# Notebook for conducting the PLP study
Patient-Level Prediction (PLP) is a methodology used in healthcare and clinical research, especially within the OMOP Common Data Model (CDM) ecosystem and the Observational Health Data Sciences and Informatics (OHDSI) initiative. The purpose of PLP is to develop and validate predictive models that can anticipate specific clinical events for individual patients based on their medical history and other relevant data.

### Import libraries

In [3]:
import pandas as pd
from sklearn.ensemble import RandomForestClassifier
from sklearn.linear_model import LogisticRegression
from sklearn.svm import SVC
from src import peticiones, plp, cohortes, miscelania

### Import DataSet Synthea

Downloads the Dataset in the directory defined in *save_path*

In [4]:
save_path = "./data"  # Ruta en la que se descargará
peticiones.loadSynthea(save_path)

Descargando ZIP desde https://github.com/OHDSI/EunomiaDatasets/archive/refs/heads/main.zip...
Zip path ./data\temp_repo\repo.zip
ZIP descargado correctamente.
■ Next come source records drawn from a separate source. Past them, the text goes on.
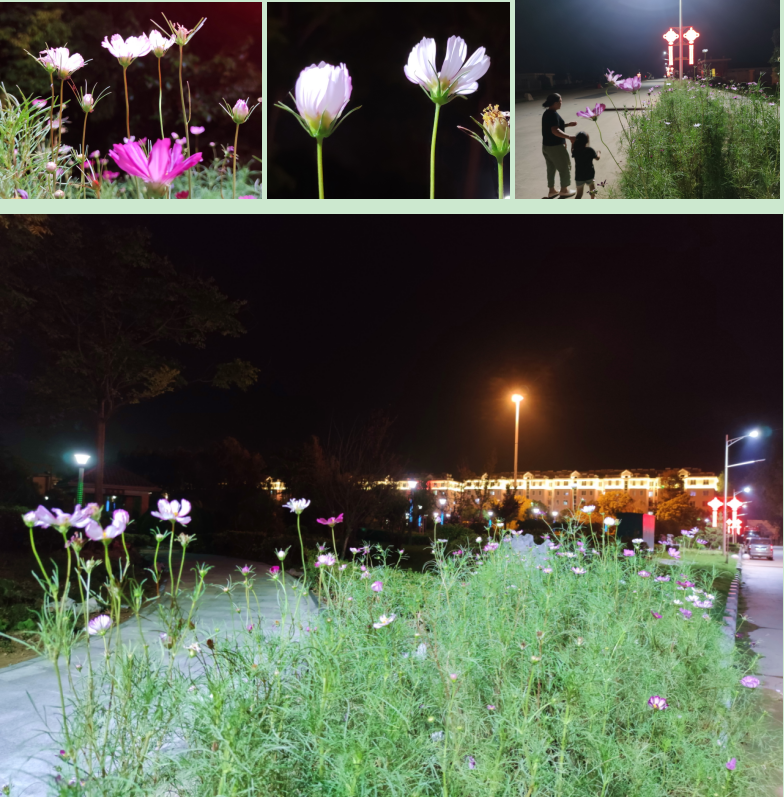在淮海農(nóng)場(chǎng)醫(yī)院門前的健康路上,生長(zhǎng)著約幾十米長(zhǎng)的秋英花,白天盡顯嫵媚,成為健康路途中的一道別樣風(fēng)景,而到了夜晚在燈光的映襯下,秋英也就更具特色,像是一朵朵唯美的風(fēng)景,讓人流連中又不忍去碰它,生怕觸動(dòng)它那嬌嫩的肌膚。這些花朵與農(nóng)場(chǎng)大面積栽種的綠植不同,因?yàn)樗遣荼局参铮簿统蔀榱宿r(nóng)場(chǎng)綠化家族中的新一景,吸引著人們駐足觀看,也讓美麗淮海增添了一處新的觀光地帶。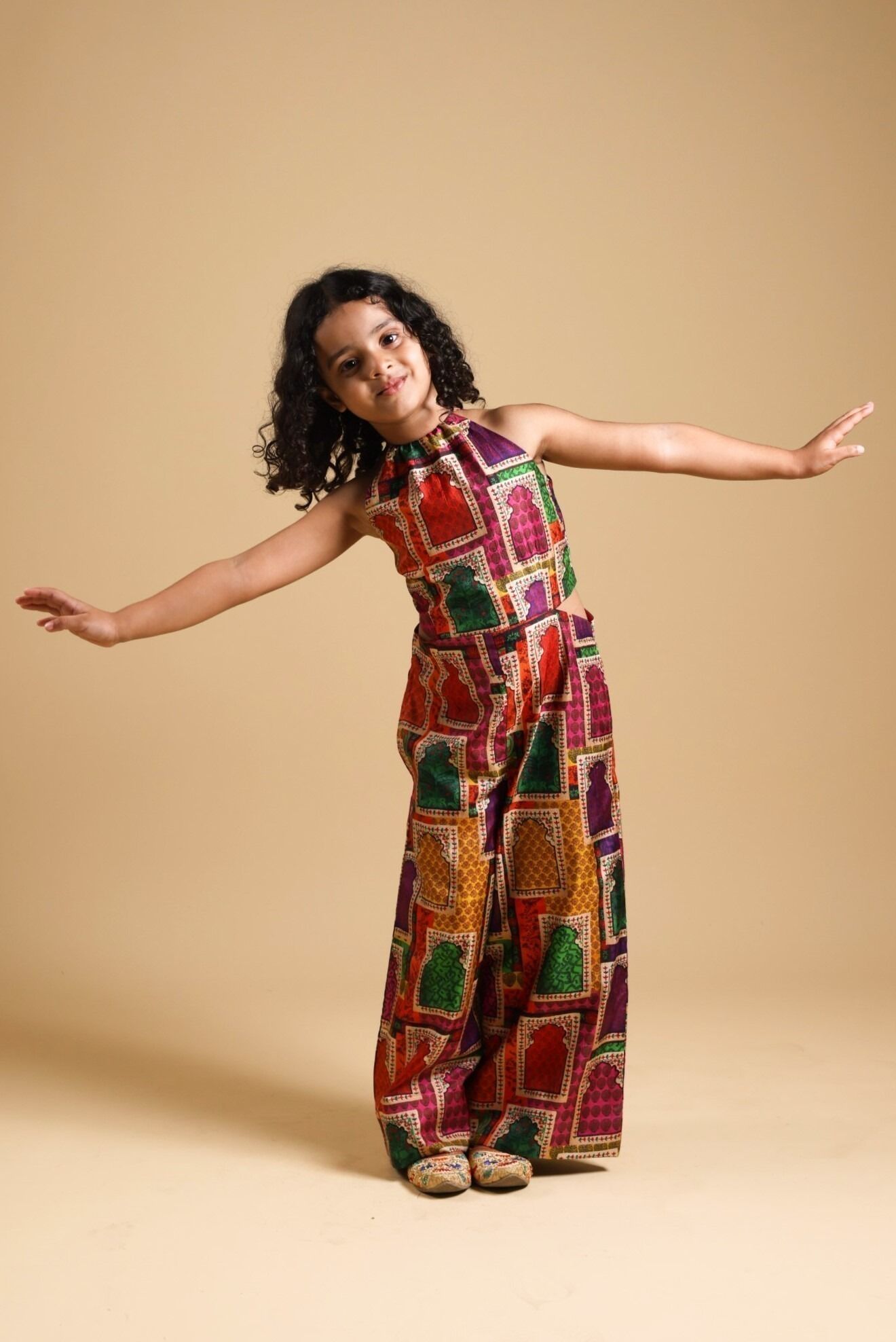 A stylish halter neck jumpuit featuring side cut-outs, centre back concealed zipper, and side pockets, adorned with a vibrant Jharoka print that blends traditional elegance with modern design. Crafted for a relaxed fit, it ensures easy movement and all-day comfort for active girls.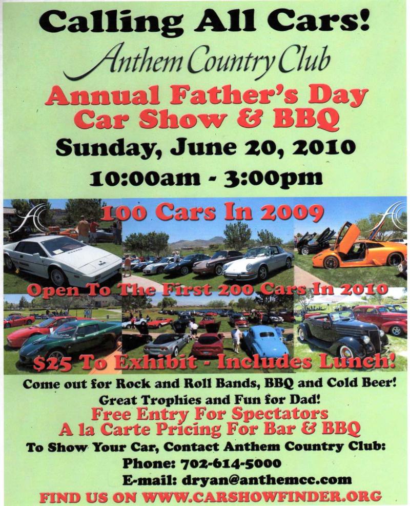 June 20 | Anthem Country Club - Car Show & BBQ | $25/car | Howard Ickes | Flyer |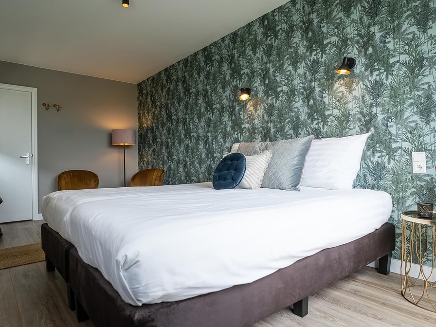 Het splinternieuwe paradepaardje van ons hotel is de Tuin Suite. Je verblijft op de benedenverdieping in een zeer ruime en stijlvolle suite. En zodra je de deur uitloopt, sta je in de tuin met wijds uitzicht over het prachtige natuurgebied de Roggesloot. De Tuin Suite is een lichte royale suite met warme kleuren en speelse details, die een huiselijk en behaaglijk gevoel geeft.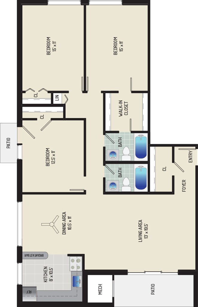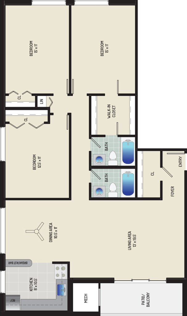 3 Bedrooms + 2 Baths - Floorplan 11 ![]()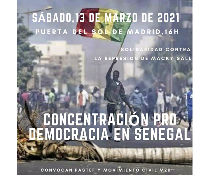 Colectivos pro-democracia senegaleses en España convocan acto este sábado,13 de marzo, a las 16.00 horas, en la Puerta Sol de Madrid para denunciar la deriva antidemocrática y las violaciones de derechos humanos del gobierno del presidente Macky Sall.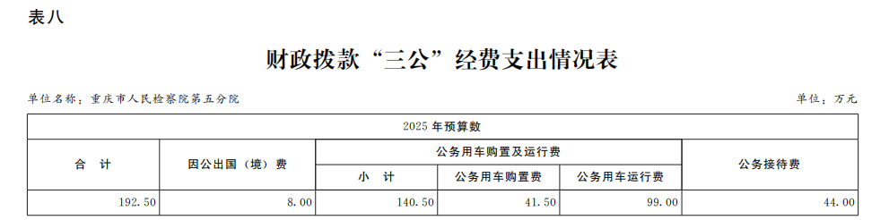 2025年“三公”经费预算192.5万元,与上年持平。其中:因公出国(境)费用8万元,与上年持平;公务接待费44万元,与上年持平;公务用车运行维护费99万元,与上年持平;公务用车购置费41.5万元,与上年持平。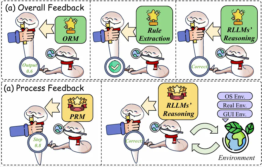 图 6:可行反思的反馈能力框架包括总体反馈与过程反馈两种形式。总体反馈包括:结果奖励模型(以数值形式进行反馈、基于规则的正确性判断机制,以及基于推理大模型的总体评价模型。过程反馈则包含:以数值形式提供反馈的过程奖励模型,以及基于推理大模型的逐步评价模型。此外,过程反馈还可结合操作系统环境、真实环境或图形界面环境等进行交互式评估。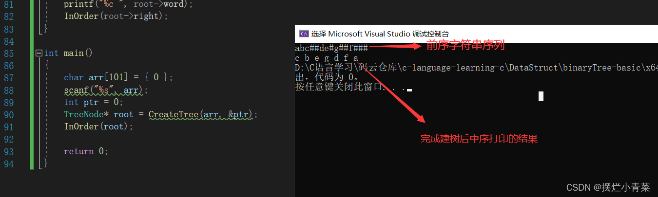 #include#include using namespace std;struct TreeNode //树结点结构体 {char word;TreeNode * left;TreeNode * right; };//ptr是字符串数组下标的地址,这里一定要传址,因为我们要在不同的函数栈帧中修改同一个字符数组下标变量 TreeNode * CreateTree(char * input,int* ptr) {if('#'==input[*ptr]) //#代表空树,直接将空指针返回给上层结点即可{++*ptr;return nullptr;}TreeNode * root = new TreeNode; //申请新结点root->word = input[*ptr]; //结点赋值 ++*ptr; //字符数组下标加一处理下一个字符root->left = CreateTree(input,ptr); //向左子树递归root->right = CreateTree(input,ptr);//向右子树递归return root; //将本层 }void InOrder(TreeNode * root) //中序遍历递归 {if(nullptr == root){return;}InOrder(root->left);printf("%c ",root->word);InOrder(root->right); }int main() {char arr[101] = {0};scanf("%s",arr);int ptr = 0;TreeNode * root = CreateTree(arr,&ptr);InOrder(root);return 0; }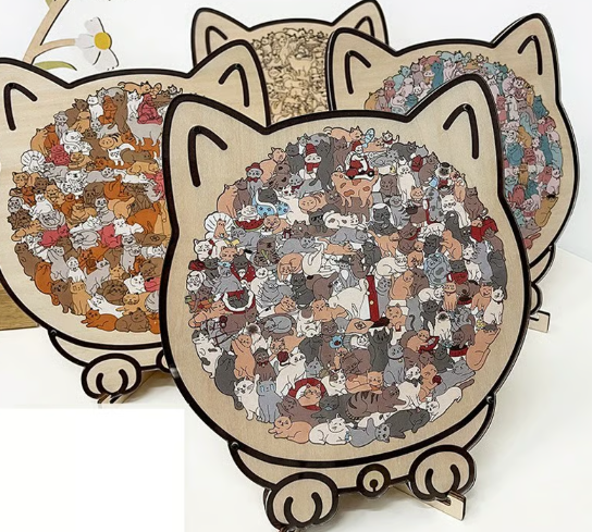 🎁Promoção de Natal 49% DE DESCONTO🎅Quebra-cabeça de madeira em forma de gato com 135 peças nas cores Morandi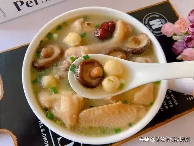 香菇我比較喜歡用小個的干香菇,燉湯特別香,吃起來口感也特別醇厚。冬季里吃多了滋補的食物,家人們都有點上火,所以我在湯里加了蓮子和百合,它們都有去火的功效,這鍋雞湯不僅滋補,還有健脾益腎潤肺,養心安神,解燥的功效。

Descomprimiendo en ./data\temp_repo...
Carpeta Synthea27Nj movida a ./data\Synthea27Nj
Carpetas temporales y archivo ZIP eliminados.


### Create DataSet from Synthea's CSV files

From the directory defined in *save_path* it will be created a DB with DuckDB at the directory defined in *db_path*

In [5]:
csv_folder = save_path + '/Synthea27Nj'
db_path = save_path + 'Synthea_BBDD'
peticiones.crear_bbdd_desde_csv(csv_folder, db_path)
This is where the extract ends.